> Exercise inputs:
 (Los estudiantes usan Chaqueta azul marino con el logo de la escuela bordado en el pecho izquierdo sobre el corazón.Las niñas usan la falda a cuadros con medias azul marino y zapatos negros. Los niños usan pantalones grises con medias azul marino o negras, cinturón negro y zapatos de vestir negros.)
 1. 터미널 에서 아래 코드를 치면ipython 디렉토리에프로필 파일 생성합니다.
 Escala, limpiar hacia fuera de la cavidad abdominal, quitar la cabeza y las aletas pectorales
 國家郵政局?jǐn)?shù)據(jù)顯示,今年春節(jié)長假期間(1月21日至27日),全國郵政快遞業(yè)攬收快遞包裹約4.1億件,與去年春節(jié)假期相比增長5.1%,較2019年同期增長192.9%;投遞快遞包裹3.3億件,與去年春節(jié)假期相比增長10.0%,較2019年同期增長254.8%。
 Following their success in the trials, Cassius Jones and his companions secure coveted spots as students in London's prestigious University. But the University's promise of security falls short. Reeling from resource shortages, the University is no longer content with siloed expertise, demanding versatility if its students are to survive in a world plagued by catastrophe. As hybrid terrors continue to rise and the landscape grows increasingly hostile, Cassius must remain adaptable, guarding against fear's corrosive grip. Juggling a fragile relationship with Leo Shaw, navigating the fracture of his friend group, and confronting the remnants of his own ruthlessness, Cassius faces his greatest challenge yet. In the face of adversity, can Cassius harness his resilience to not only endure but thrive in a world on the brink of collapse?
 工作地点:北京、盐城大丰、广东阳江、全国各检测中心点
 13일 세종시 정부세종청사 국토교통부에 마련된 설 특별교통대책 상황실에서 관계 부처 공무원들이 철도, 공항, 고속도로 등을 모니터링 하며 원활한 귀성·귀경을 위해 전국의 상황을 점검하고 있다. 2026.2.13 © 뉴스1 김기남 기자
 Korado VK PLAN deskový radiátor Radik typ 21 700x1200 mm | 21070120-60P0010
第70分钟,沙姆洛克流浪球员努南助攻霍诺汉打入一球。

---

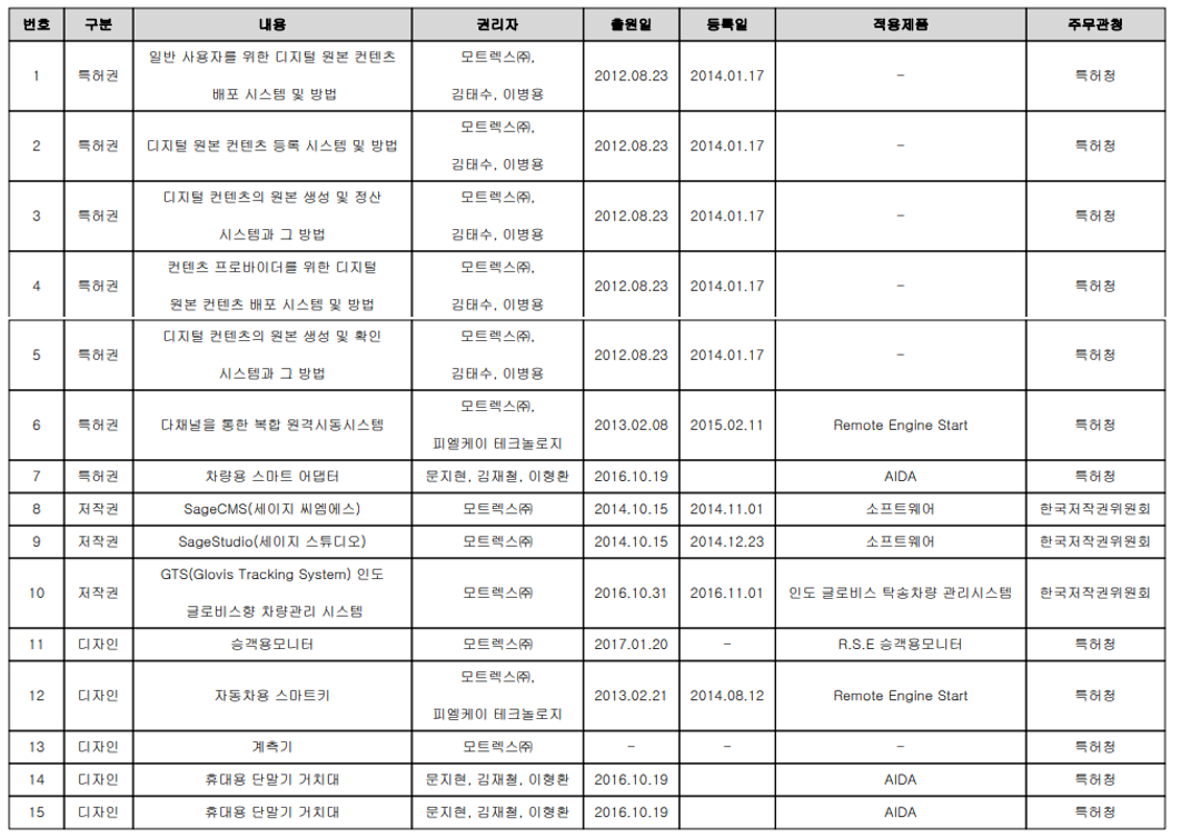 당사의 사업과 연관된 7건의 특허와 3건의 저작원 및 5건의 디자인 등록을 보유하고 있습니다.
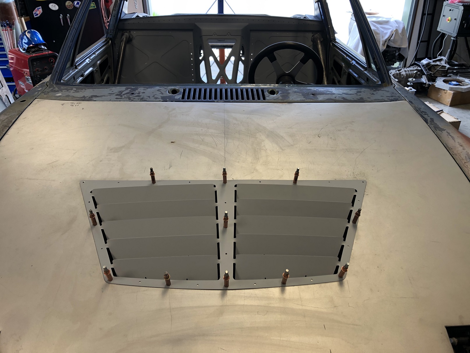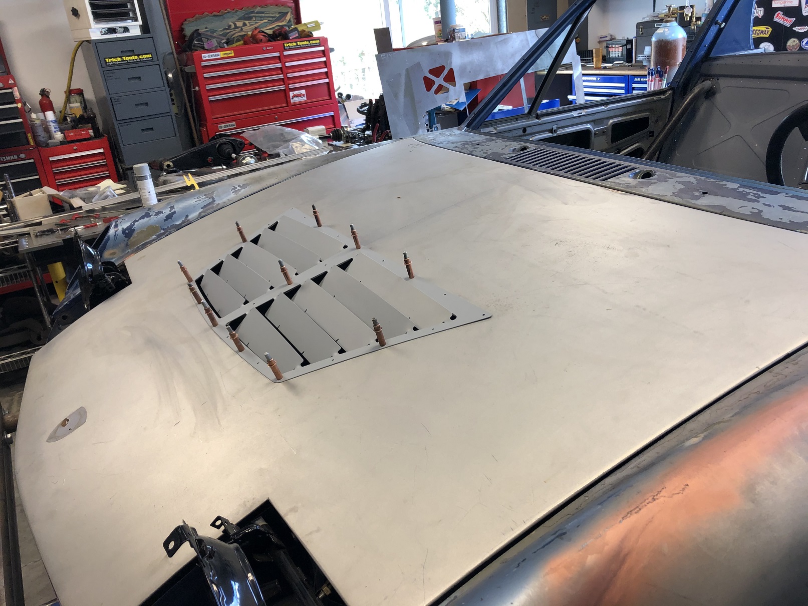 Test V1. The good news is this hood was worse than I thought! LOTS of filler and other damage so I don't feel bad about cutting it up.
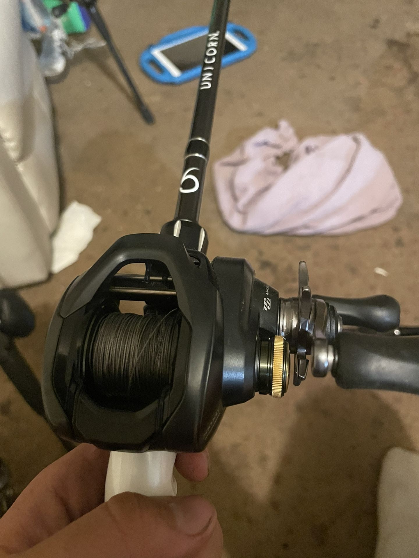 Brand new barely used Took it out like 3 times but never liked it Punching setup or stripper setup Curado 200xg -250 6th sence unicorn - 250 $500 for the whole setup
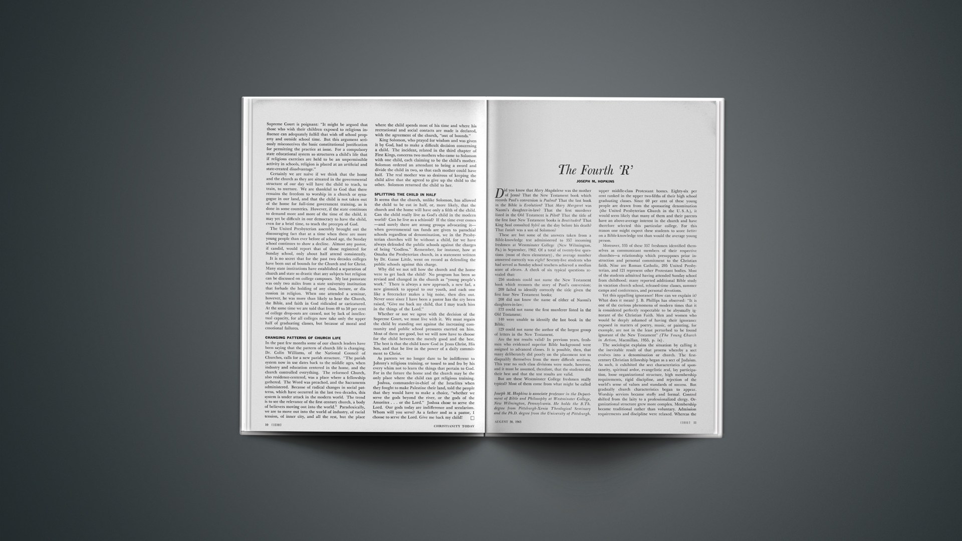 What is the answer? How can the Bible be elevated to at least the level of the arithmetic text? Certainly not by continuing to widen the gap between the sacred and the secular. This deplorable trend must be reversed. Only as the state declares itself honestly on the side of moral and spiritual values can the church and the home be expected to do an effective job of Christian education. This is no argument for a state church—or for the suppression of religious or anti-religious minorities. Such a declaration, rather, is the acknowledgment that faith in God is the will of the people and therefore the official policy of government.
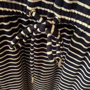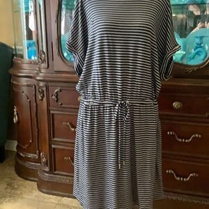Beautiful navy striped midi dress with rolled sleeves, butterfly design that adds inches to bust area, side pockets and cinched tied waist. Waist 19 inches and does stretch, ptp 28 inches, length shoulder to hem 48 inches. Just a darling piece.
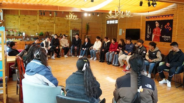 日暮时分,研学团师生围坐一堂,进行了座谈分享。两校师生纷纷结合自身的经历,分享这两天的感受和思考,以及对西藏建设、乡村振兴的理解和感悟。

> Task statement:
Please write out, exactly as they appear above, only the lines in the stretch from the line with "13일 세종시 정부세종청사" through the line with "第70分钟,沙姆洛克流浪球员努南助攻霍诺汉打入一球。".

> Solution for this exercise:
 13일 세종시 정부세종청사 국토교통부에 마련된 설 특별교통대책 상황실에서 관계 부처 공무원들이 철도, 공항, 고속도로 등을 모니터링 하며 원활한 귀성·귀경을 위해 전국의 상황을 점검하고 있다. 2026.2.13 © 뉴스1 김기남 기자
 Korado VK PLAN deskový radiátor Radik typ 21 700x1200 mm | 21070120-60P0010
第70分钟,沙姆洛克流浪球员努南助攻霍诺汉打入一球。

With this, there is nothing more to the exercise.